苦境のアパレル、コロナで直面した「人事改革」 リストラ頼みでは回復への道のりは険しい

東洋経済オンライン / 2020年12月1日 6時50分

新型コロナウイルスの感染拡大で、アパレル各社は苦しい状況に追い込まれている(撮影:今井康一)※写真はイメージです

「希望退職の募集結果に関するお知らせ」「人員削減プログラムの実施」――。新型コロナウイルスの感染拡大の影響で、赤字決算が相次ぐアパレル業界。青山商事、オンワードホールディングス、ワールドなど、今年は大手アパレルの間でもリストラに関するリリースが後を絶たない。

帝国データバンクの調査では、新型コロナの影響を受けた関連倒産744件のうちアパレル小売店は48件。業種別では飲食店とホテル・旅館、建設・工事業に次いで多い(いずれも11月27日までに判明分)。

外出自粛の長期化でファッションの需要自体が低迷しているうえ、在宅勤務の浸透やEC(ネット通販)の利用拡大など、消費者のライフスタイルは急激に変化した。大半のアパレル企業は店頭への来客が大きく回復する見通しを立てられず、企業存続のために大規模な構造改革が避けて通れない。

■リストラは収益改善の近道だが…

紳士服最大手の青山商事はスーツ需要の急減を受け、不採算店の大量撤退と正社員の約1割に相当する400人の希望退職者の募集を発表。「ナノ・ユニバース」などを展開するアパレル大手のTSIホールディングスも、本部のスリム化のため300人規模の希望退職者を募集中だ。

同社の上田谷真一社長は10月の決算会見で、「クリエイティブ系や顧客サービスにかかわらない業務は、極力自動化するか外注にしたい。販売員も、リアル店舗とデジタル空間のハイブリッドで接客や発信ができる人材に切り替えていく」と強調した。

希望退職などによる人件費の大幅削減は一時的な収益改善につながるものの、会社の次世代を担う有能な人材の流出は必至だ。アパレル業界では長年にわたる構造不況下で、過去にも社員のリストラで危機を乗り越えてきた企業が珍しくない。

「リストラのたびに実力のある中堅らがごっそりと会社を離れ、その後のブランド力や販売力の低下につながった。他社で通用する実績や手腕のある社員ほど辞めていく」(複数のアパレル幹部)

2019年の消費税増税に暖冬、そしてコロナ禍と三重苦に見舞われた多くのアパレル企業は採用を一気に抑制し、再就職市場は冷え込んでいる。

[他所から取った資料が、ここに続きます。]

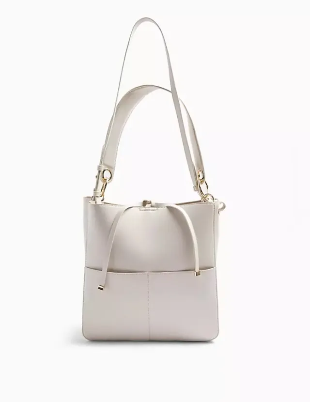 Минималистичная кремовая сумка-тоут органично дополнит расслабленные аутфиты с оверсайз-рубашками и широкими брюками, костюмами-двойками мужского покроя, летящими платьями макси.

アパレル・ファッション業界専門の転職支援サービス「クリーデンス」の調査によると、新型コロナの感染が拡大した2020年3月以降の求人数は、EC関連の業務などを除いてほぼすべての職種で大きく減少した。

それでも、40歳以上を対象に希望退職者の募集を今年行ったオンワードHD(募集期間は1月)やワールド(同9月)では、募集人数を大幅に上回る社員の応募が集まった。希望退職の場合は通常の退職金とは別に特別金が支払われるとはいえ、これほど厳しい市場環境のさなかだ。別の大手アパレルの社員は「アパレル業界や会社の先行きを不安視している社員たちの心情の表れでもある。業界外への転職を考える人も多いだろう」と推察する。